Dans un autre acte d’accusation mardi, sept mineurs ont été accusés de crimes similaires. Une jeune fille de 15 ans a été accusée d’implication dans l’incident en correctionnelle et libéré plus tôt.

L’incident est survenu jeudi soir dernier, quand un groupe d’Arabes (on ne connait pas leur nombre? Bizarrement )a été agressé par environ 15 adolescents juifs au cœur de Jérusalem alors que des dizaines de passants regardaient. La principale victime, de 17 ans Julani de Jérusalem-Est, a failli mourir de ses blessures et a été hospitalisé dans un état critique.

Selon la police, l’attaque était gratuite : «c’est un crime extrêmement grave» qui a été initié seulement parce que les victimes étaient des Arabes. Neuf jeunes soupçonnés d’avoir participé au passage à tabac ont été arrêtés.

Pour rappel, des témoignages de certaines filles, qui se sont plaints d’avoir été agressées sexuellement par des Arabes, ce même jour. Leur amis ont  cherché à se venger contre ces mêmes arabes. Toutefois, les preuves ne figurent pas dans l’acte d’accusation.

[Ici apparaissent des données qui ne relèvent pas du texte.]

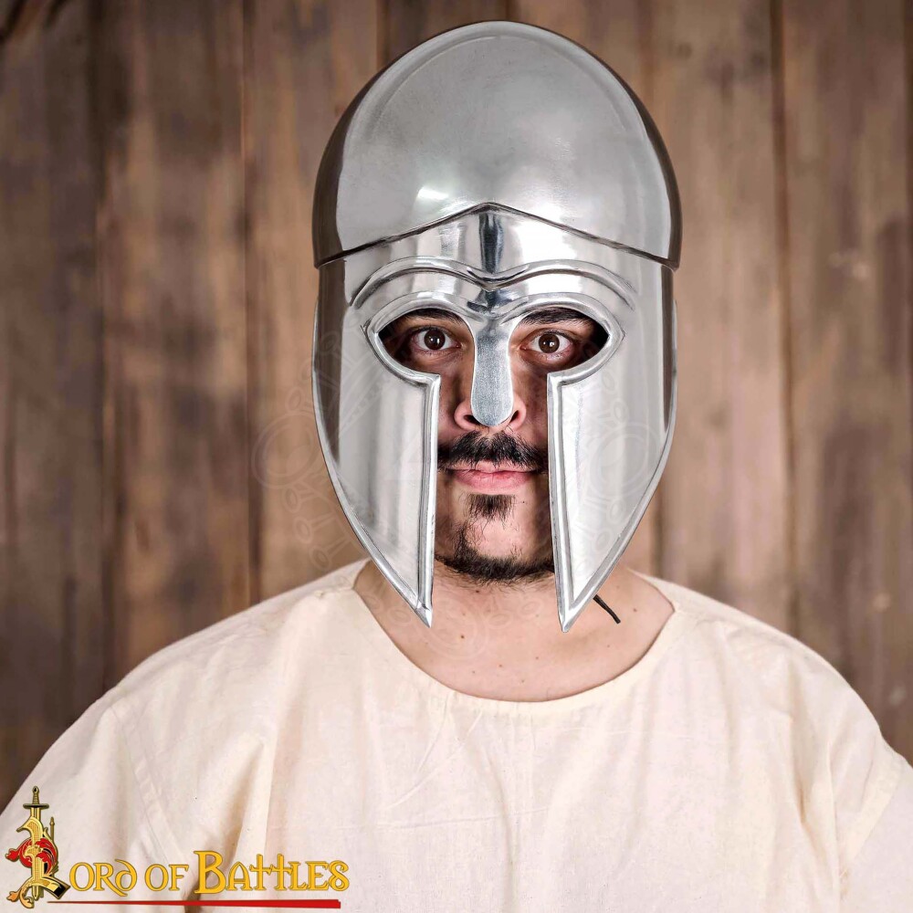 Step into the world of ancient heroes with this authentic replica of the Greek Corinthian helmet! Handcrafted from steel, this helmet is not just a piece of protective gear but also a tribute to the legendary hoplites of the Archaic and Early Classical periods. Thanks to its high-quality, adjustable leather liner and characteristic design, it's perfect for cosplay, reenactment, collectors, or as a unique decorative piece that will bring the spirit of ancient Greece right into your home. This quality product by Lord Of Battles® will transport you directly to the battlefields of antiquity. Further product information ...

L’attaque a largement été condamné par les dirigeants israéliens , dont le Premier ministre Benjamin Netanyahou, le président Shimon Peres, le vice-Premier ministre Moshe Yaalon et le maire de Jérusalem, Nir Barkat.

Netanyahou a déclaré que « dans l’Etat d’Israël, nous ne sommes pas prêts à tolérer le racisme et nous ne sommes pas prêts à tolérer la combinaison du racisme et de la violence. »

«C’est quelque chose que nous ne pouvons pas accepter – ni en tant que Juifs, ni en tant qu’ Israéliens,» at-il ajouté.  » Nous allons rapidement traduire en justice les responsables de cet incident répréhensible.  »

Ce même jour, Shimon Peres condamne deux jeunes juifs qui risquent de passer une bonne partie de leur jeunesse derrière les barreaux, et de l’autre le President israélien associé au ministre de la Justice Yaacov Néeman décident de réduire les peines la prison à vie de 7 assassins arabes israéliens, dont celui du soldat Abraham Bromberg.

Le Caporal Bromberg a été attaqué en novembre 1981, alors qu’il se rentrait chez lui, depuis sa base dans le Golan vers Zichron Yaacov. Il a été trouvé mortellement blessé et a succombé à ses blessures deux jours plus tard.

En 1983, Maher et Kareem Younis ont été arrêté et ont avoué le meurtre de Bromberg. Tous deux ont été condamnés à mort – un verdict plus tard commuer en emprisonnement à vie.

Ce sont des hommes avec du sang dans les mains, contrairement aux deux jeunes juifs qui sont victimes de la pression du pays de par des attaques successives des terroristes arabes, de la prise de leur maison comme ce fut le cas pour Gouch Katif ou bientôt Migron.

Même les proches des victimes des terroristes libérés sont choqué par ce geste incompréhensible et au nom de quoi? De quel échange…comme une façon de sa faire excuser auprès des nations internationales pour la bastonnade d’un jeune arabe a Jérusalem, qui a surement aussi provoquer cette bagarre générale.

 »L’Etat a franchi une ligne rouge et nous constatons que ses dirigeants abandonnent nos soldats et nos citoyens et violent les décisions prises par le passé, à savoir que l’on ne libère pas des assassins ayant du sang sur les mains. L’Etat d’Israël doit appliquer la peine de mort aux assassins aux motivations nationalistes », a écrit la famille Bromberg dans une lettre adressée à la presse israélienne.